Find the line containing "Yarn-dyed stripes rain" in the listing below. Repeat it exactly, along with each following line up to and including the one containing "展览现场 《伏尔加河上的纤夫》 油画小稿(摄影_台馨遥)".

DATA FOR PROCESSING:
------------------------------------------------------------

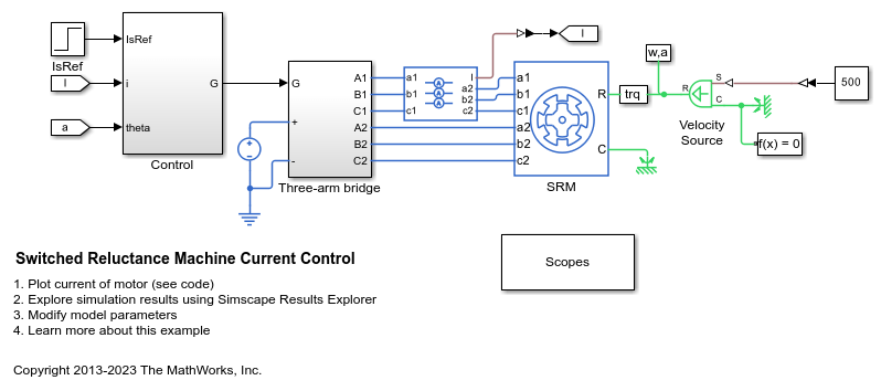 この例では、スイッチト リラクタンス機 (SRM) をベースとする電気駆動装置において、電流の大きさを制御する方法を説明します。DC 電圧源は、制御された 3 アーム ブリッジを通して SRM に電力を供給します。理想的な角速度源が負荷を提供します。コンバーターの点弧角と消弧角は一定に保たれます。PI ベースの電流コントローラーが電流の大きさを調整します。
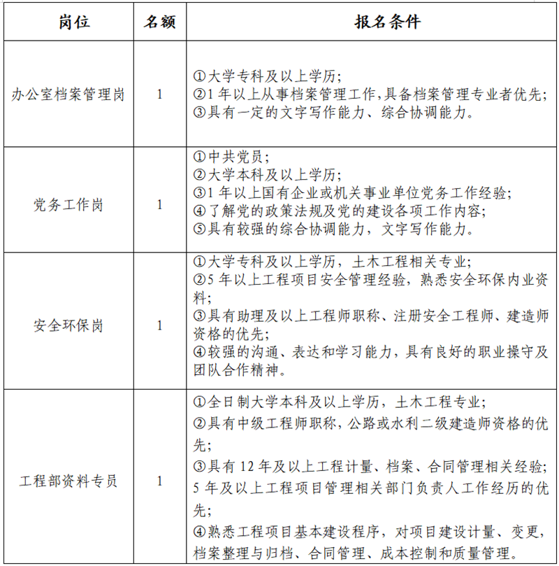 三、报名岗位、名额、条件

------------------------------------------------------------

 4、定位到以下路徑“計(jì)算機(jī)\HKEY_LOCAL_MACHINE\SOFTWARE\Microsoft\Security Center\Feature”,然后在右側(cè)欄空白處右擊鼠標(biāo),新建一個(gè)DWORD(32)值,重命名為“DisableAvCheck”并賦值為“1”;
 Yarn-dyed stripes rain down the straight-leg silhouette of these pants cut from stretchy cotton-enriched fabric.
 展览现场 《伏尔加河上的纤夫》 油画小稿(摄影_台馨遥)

------------------------------------------------------------

THE ANSWER:
 Yarn-dyed stripes rain down the straight-leg silhouette of these pants cut from stretchy cotton-enriched fabric.
 展览现场 《伏尔加河上的纤夫》 油画小稿(摄影_台馨遥)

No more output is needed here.